Already a two-year starter in baseball prior to this season, last year Bowen hit .430 with 36 runs scored, 17 RBI, and 26 stolen bases. He was named first-team All-Three Rivers Athletic Conference in 2017 after receiving second-team recognition as a freshman in 2016.

“It’s obviously very difficult to do both, but if anyone can do it I think Jase is one that can get it done,” Central baseball coach Jeff Mielcarek said of Bowen’s quest to play football and baseball. “Jase’s work ethic is outstanding, and his baseball instincts will get him through a lot of the things he might miss in terms of practices because of football.

“He’s the best freshman I’ve coached, and he’s the best sophomore I’ve coached. He might end up being the best player, but he’s still got two more years to go.
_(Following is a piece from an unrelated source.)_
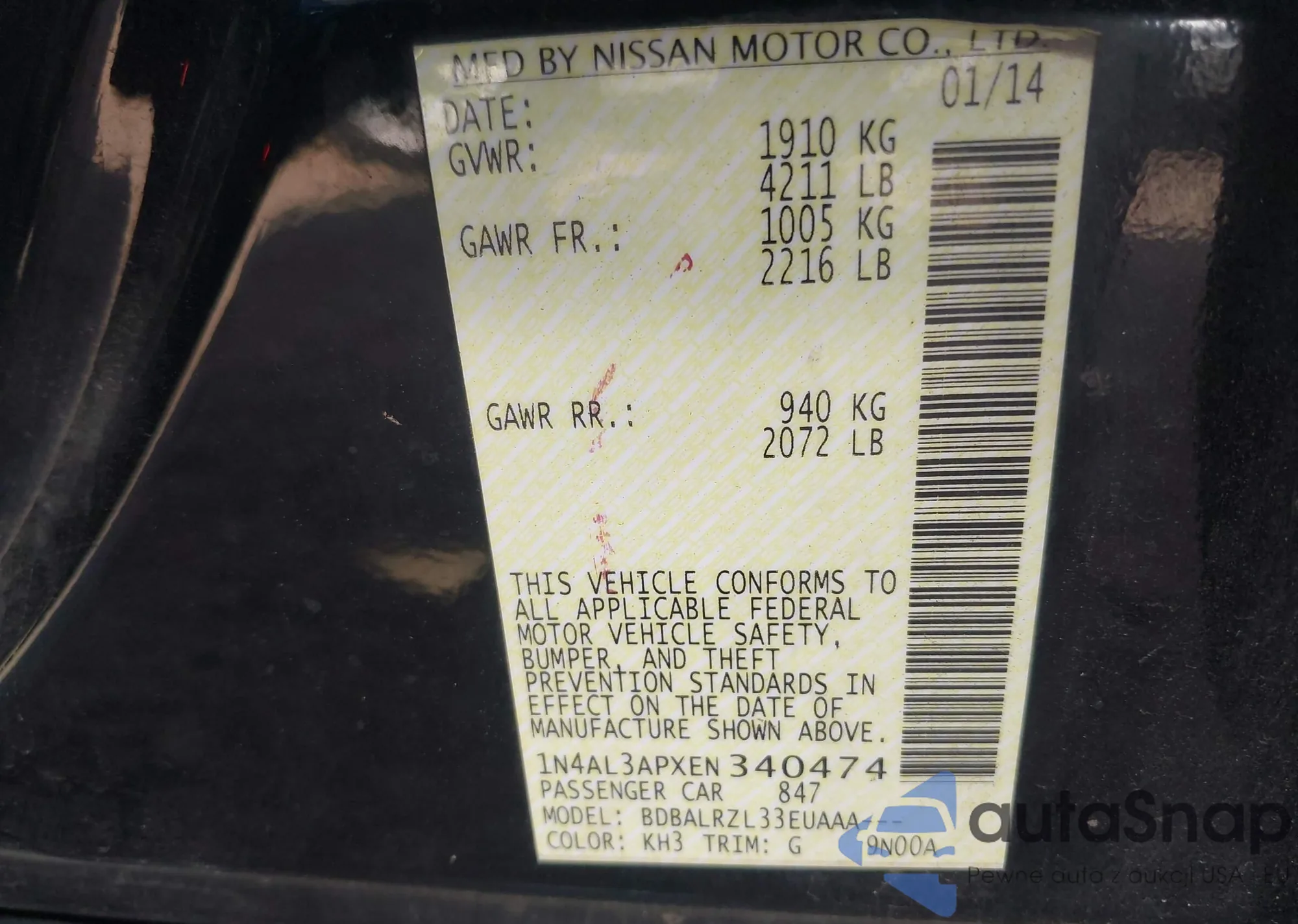 LOT: 42935638 VIN: 1N4AL3APXEN340474

We’ll see what happens.”

In addition to his superb skills in football and baseball, Bowen also excels in the classroom at Central, where his 4.8 cumulative grade-point average ranks No. 6 in his class.

“It’s a relief to have it done now so I can just focus in on baseball, and when football comes not having to worry about college,” Bowen said. “I can devote my time to my teams at Central.”

Bowen said he plans to be a business major in college.